Em disco intimista e sem hits fáceis, Beyoncé dribla as regras do mercado musical
Trabalho foi lançado todo de uma vez na internet junto com 17 videoclipes e quebrou recordes de vendas
Por Paulo Floro
No seu disco mais ambicioso, a Beyoncé está mais intimista como nunca. No álbum que leva apenas o seu nome, a cantora decidiu fazer uma espécie de scrapbook sobre sua vida, discutindo fama, família, casamento e feminismo. É também o trabalho onde ela mais explora as raízes soul de sua música.
O disco foi disruptivo dentro da música pop por driblar regras estabelecidas de mercado. Ela soltou todas as faixas de uma única vez à venda no iTunes, sem avisar. Não houve teasers, lyric-vídeos, singles lançados previamente, trailers, entrevistas, faixas tocadas em shows, enfim, nenhum aparato conhecido de divulgação usado constantemente por artistas como ela. Ainda por cima vendeu junto com as MP3s 17 videoclipes feitos especialmente para a ocasião. Foi algo inédito e que desafia os atuais modelos de distribuição. Beyoncé chamou a iniciativa de “álbum visual” e deu ao seu trabalho uma unidade ao não evidenciar esta ou aquela música.
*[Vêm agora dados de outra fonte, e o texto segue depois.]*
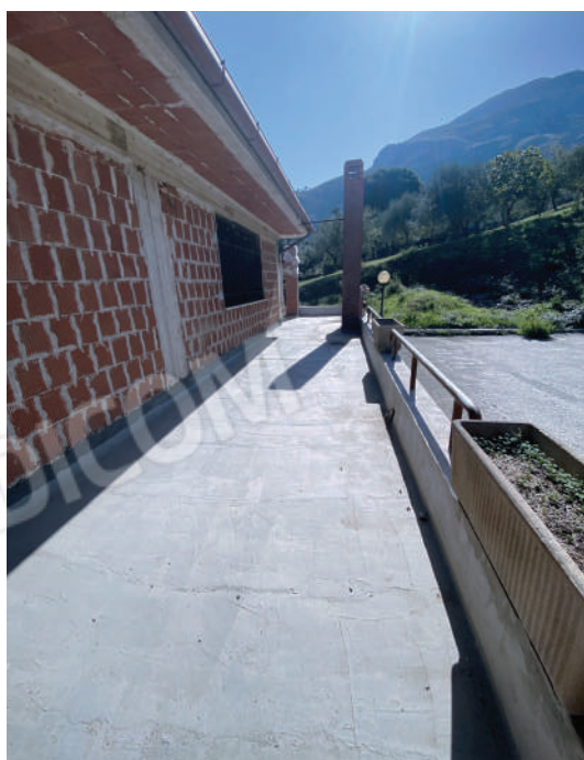
Foto 11. Terrazzo antistante la porzione di piano terra adibita a magazzino.

Os fãs responderam à altura e correram ao iTunes para baixar o disco, chegando a deixar o serviço de download da Apple com instabilidade na última semana. O álbum vendeu mais de 800 mil cópias em apenas três dias, quebrando um recorde histórico para vendas digitais. Recuperados do alvoroço causado pelo lançamento, conhecemos um disco incrivelmente pessoal, em que a cantora se posiciona como uma das vozes negras mais relevantes a falar sobre o que significa ser mulher nos dias de hoje.
Como toda celebridade que se preze nos dias de hoje, Beyoncé tem consciência de que os problemas pessoais se curam em público. Por isso a cantora foi corajosa a encarar de frente muitos dos assuntos referentes à sua persona tão explorados pela mídia no último ano. O principal assunto foi o aborto sofrido antes da gravidez que deu lhe deu a pequena Blue Ivy (que, vejam, também participa do disco). “Heaven”, que trata do tema, é uma das faixas mais tristes do disco. “O céu não pôde te esperar”, canta ela.
Reservada ao falar com a imprensa, Beyoncé sempre preferiu usar a fama a seu favor para comentar detalhes de sua vida privada. Por isso decidiu dirigir um documentário sobre si mesma, exibido este ano na HBO, onde passa a limpo diversas histórias que a colocaram nas manchetes de sites e revistas de fofocas: a perda de seu bebê, o fato de esconder a gravidez até onde pôde para não atrapalhar nos negócios, a pressão da fama, a demissão de seu pai, que era seu empresário desde quando ainda era uma aspirante a estrela, entre outros temas.
Agora, mais uma vez tomando as rédeas, Beyoncé dá mais detalhes sobre si neste novo disco. E um de seus temas preferidos, o empoderamento feminino, claro, dá as caras. Para Beyoncé, o feminismo não possui muita elucubração: as mulheres estão no controle de suas vidas, sem dependência emotiva ou financeira. Mas ainda assim também se mostram vulneráveis, sofrem por amor (como todo ser humano), etc. Não chega a ser um disco fundamentado a partir de fortes convicções políticas, mas se afirma como uma inspiração ao seu público. Funciona bem.
Na parte dos vídeos, Beyoncé contou com diretores de grife como Terry Richardson, Jonas Akerlund e Hype Williams, mas apesar de toda a super-produção, nenhum é impactante o suficiente para se sobrepor às músicas. Servem como suporte para o projeto como um todo.
O disco ganha pelo tom mais emotivo e por causa do bom time de colaboradores, como Frank Ocean, Drake e o marido Jay Z. Sofre apenas por não contar com um mega-hit de desatarrachar a coluna como “Single Ladies” e “Crazy In Love”. Mas há grandes hits como “XO”, “Pretty Hurts” e “Drunk In Love”. Puxando o freio nesse pop arrasa-quarteirão, Beyoncé decidiu dar mais atenção aos detalhes, expondo a intimidade como nunca.